There are many nuanced considerations involved in planning, such as whether to consider a waiver of the legal obligation of spousal support in a state that permits it. This kind of consideration can be very important in marriages between older spouses who could incur long-term nursing home care obligations that will significantly impact community or marital property.
As a re-marrying spouse, you should also consider:
- Providing definitions of separate property you want to protect from spousal or third party claims;
- Redoing any existing wills, revocable trusts or other estate planning documents as part of the overall scheme you may have formed in the course of creating a pre- or postnuptial agreement;
- Designating with careful thought the beneficiaries under your life insurance, retirement plans and other contracts that may not be governed by a will; and
- Addressing how to treat property you will receive by gift or inheritance during the marriage.
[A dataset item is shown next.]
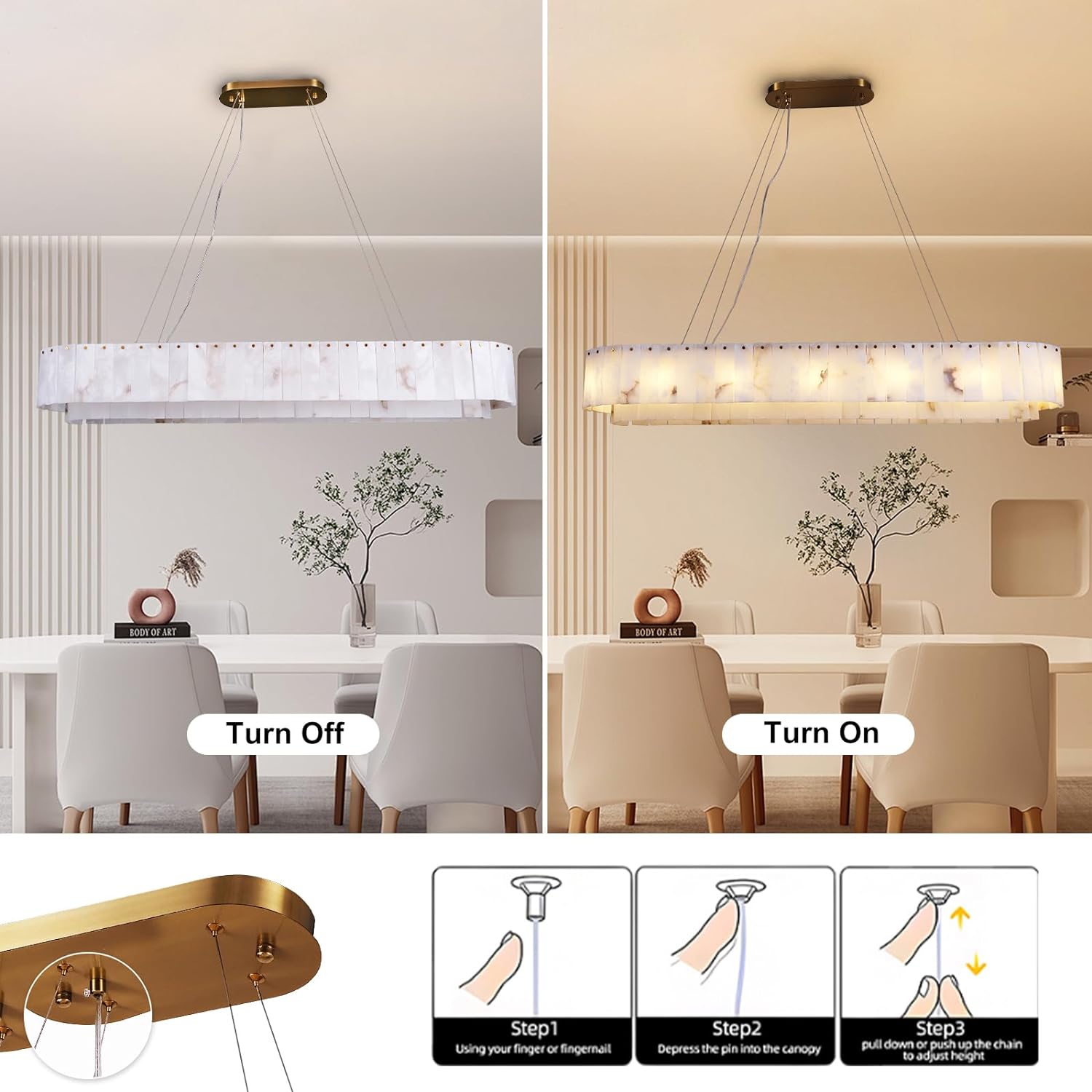 • 【Height Adjustable & Dimmable】Experience flexibility with this marble kitchen chandelier. Height adjustable with a generous 78in/200cm line length, it caters to your specific requirements. Compatible with most dimmers, enjoy smooth 10%-100% dimming, allowing you to tailor the lighting ambiance to suit any mood or occasion.

Marriage and Wills, Trusts, and Inheritance
If you do not or cannot complete a pre- or postnuptial agreement, the rules regarding inheritance and wills are both complicated and vary extremely from state to state. Every state prescribes a share to be inherited by a spouse where there is no will (an “intestate share”). Most states also allow a spouse to “waive” a will where he or she is disinherited and instead take a statutory share of the estate (often quite different than the intestate share). There is very little uniformity between the states on these rules, so if in doubt, consult an attorney. In many states, in lieu of a prenuptial (but not a post-nuptial) agreement, a spouse may place assets in an irrevocable trust prior to marriage to avoid the effect of the will waiver statute.
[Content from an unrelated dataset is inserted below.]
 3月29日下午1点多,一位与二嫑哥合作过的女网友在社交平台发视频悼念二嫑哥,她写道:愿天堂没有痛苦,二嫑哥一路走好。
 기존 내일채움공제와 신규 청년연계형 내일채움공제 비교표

As you can see, if you are thinking about a marital merger, there is obviously a lot to consider. The attorneys in Burns & Levinson's Private Client Group can provide you with a strategy and a plan that will help you sleep at night.
Who Needs Estate Planning and When?
For many people, the value of an estate plan will far exceed its cost due to tax savings. Furthermore, estate planning is not just for individuals who have a net worth in excess of state or federal exemptions (currently set at $1 million and $5.25 million respectively, but subject to change). The following people can greatly benefit from estate planning with experienced legal counsel
- Individuals or couples who have dependents or beneficiaries with special needs;
- Adoptive parents who need to make special provisions for inheritance that differ from state law provisions that apply to those without a legally enforceable plan;
- Other non-traditional families, such as those of unmarried couples or domestic partners;
- Married persons who have previous spouses or children from a prior marriage;
- Those who have special charitable goals; and
- Those who have ownership shares in a closely held business that could suffer grave disruption from an inheritance battle or significant death taxes on their estates (such people can benefit from a well-structured agreement providing for life insurance on key owners in amounts adequate to fund the purchase of a decedent’s shares, according to valuations set in advance by agreement).